L’appartenance à un syndicat ne doit pas être un facteur de discrimination en entreprise, notamment lorsqu’il s’agit d’évolution de rémunération. A ce sujet, la Cour de cassation apporte une précision intéressante sur la façon dont une telle discrimination peut (ou non) être caractérisée en examinant le parcours professionnel du salarié.
L’affaire jugée en octobre 2023 oppose un salarié retraité à son ancien employeur, l’entreprise de métallurgie Arcelormittal Méditerranée. Ce salarié se retourne contre son ancien employeur quelques années après sa mise à la retraite. Il s’estime victime de discrimination en raison de son mandat syndical au sein du comité d’entreprise entre 1976 et 1978. En effet, le salarié considère que l’évolution de sa rémunération a été impactée négativement par son mandat syndical. Mais la cour d’appel ne le voit pas de cet œil : le salarié va donc jusqu’en cassation pour tenter de faire valoir sa position.
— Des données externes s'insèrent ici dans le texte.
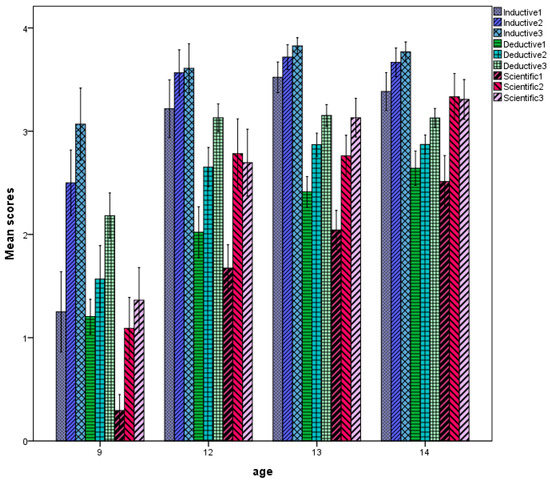 The pattern of performance on the cognitive tests is shown in Figure 1. The effect of age, F (3, 252) = 120.415, p < 0.0001, partial η2 = 0.59, was highly significant and very powerful, reflecting large improvement of performance across age groups. The effect of testing wave was also significant, F (2, 251) = 238.813, p < 0.0001, partial η2 = 0.66, reflecting large improvement across testing waves. The effect of cognitive domain was also highly significant, F (3, 251) = 259.668, p < 0.0001, partial η2 = 0.67, reflecting variation of performance across domains: performance on inductive reasoning was higher than on deductive reasoning and this was higher than scientific reasoning. The interactions between age and wave F (6, 504) = 7.732, p < 0.0001, partial η2 = 0.08, and wave and domain, F (4, 249) = 7.756, p < 0.0001, partial η2 = 0.11, were also significant, indicating two trends: first, the magnitude of improvement across waves varied with age; it was much larger at lower ages, indicating transition from rule- to principle-based thought and approaching ceiling at older ages; the second change was almost linear across domains in inductive and deductive reasoning but larger from first to second than from second to third in scientific reasoning. Noticeably, no effect of gender ever reached significance.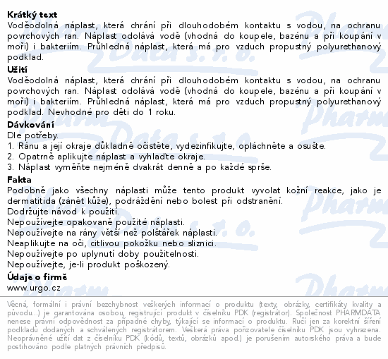 Voděodolná náplast, která chrání při dlouhodobém kontaktu s vodou, na ochranu povrchových ran. Náplast odolává vodě (vhodná do koupele, bazénu a při koupání v moři) i bakteriím. Průhledná náplast, která má pro vzduch propustný polyurethanový podklad.

La discrimination syndicale doit être établie à partir de situations comparables dans l’entreprise
Pour étayer sa position, le salarié désormais retraité met en avant la lenteur de sa progression dans l’entreprise postérieurement à son mandat syndical. Au cours de ce mandat, il est attesté que le salarié a participé à des grèves en 1976 et 1979. C’est à partir de sa promotion de 1977 que son évolution aurait subi un coup de frein selon lui. Il met en avant le fait qu’il a mis 12 ans à gravir l’échelon suivant (soit en 1989), puis 12 ans supplémentaires pour gravir l’échelon qui suit (soit en 2001). Selon lui, cette lenteur dans la progression de sa carrière est en totale opposition avec l’évolution que les autres salariés de l’entreprise ont connu au même moment. Ceux-ci ont plutôt connu des délais qui oscillent entre 3 et 5 années par échelon.
Face à cela, l’entreprise se prévaut des délais de progression observés dans l’ensemble de la profession. Ces délais y sont beaucoup plus allongés que dans l’entreprise : entre 16 et 24 ans selon les échelons ! La cour d’appel se range derrière cet argument est considère que “on ne peut présumer une discrimination syndicale à partir de la durée passée dans les divers échelons ainsi que le salarié le soutient“.
Toutefois, la Cour de cassation rappelle que ce sont les décisions de l’entreprise uniquement qui sont contestées. Par conséquent, ce sont les statistiques d’évolution de carrière au sein même de l’entreprise qui servent de référence pour savoir si le salarié plaignant a subi une discrimination syndicale :
En statuant ainsi, alors que la comparaison avec l’ancienneté moyenne dans la profession était inopérante dès lors qu’étaient contestées les décisions de l’employeur et que les statistiques de la durée moyenne par coefficient dans l’entreprise, telles qu’établies par l’employeur lui-même, laissaient supposer l’existence d’une discrimination syndicale, la cour d’appel a violé les textes susvisés.
Chambre sociale de la Cour de cassation, pourvoi n° 22-11.698, 18/10/2023
En comparant les délais imposés par l’entreprise au salarié entre deux évolutions d’échelon avec les délais habituellement enregistrés pour les autres salariés, la Cour de cassation considère que les indices d’une discrimination syndicale sont établis. Dès lors, la décision de la cour d’appel qui donnait raison à l’entreprise est cassée et un nouveau jugement doit être rendu pour tenir compte de l’inégalité de traitement dont le salarié retraité a été victime.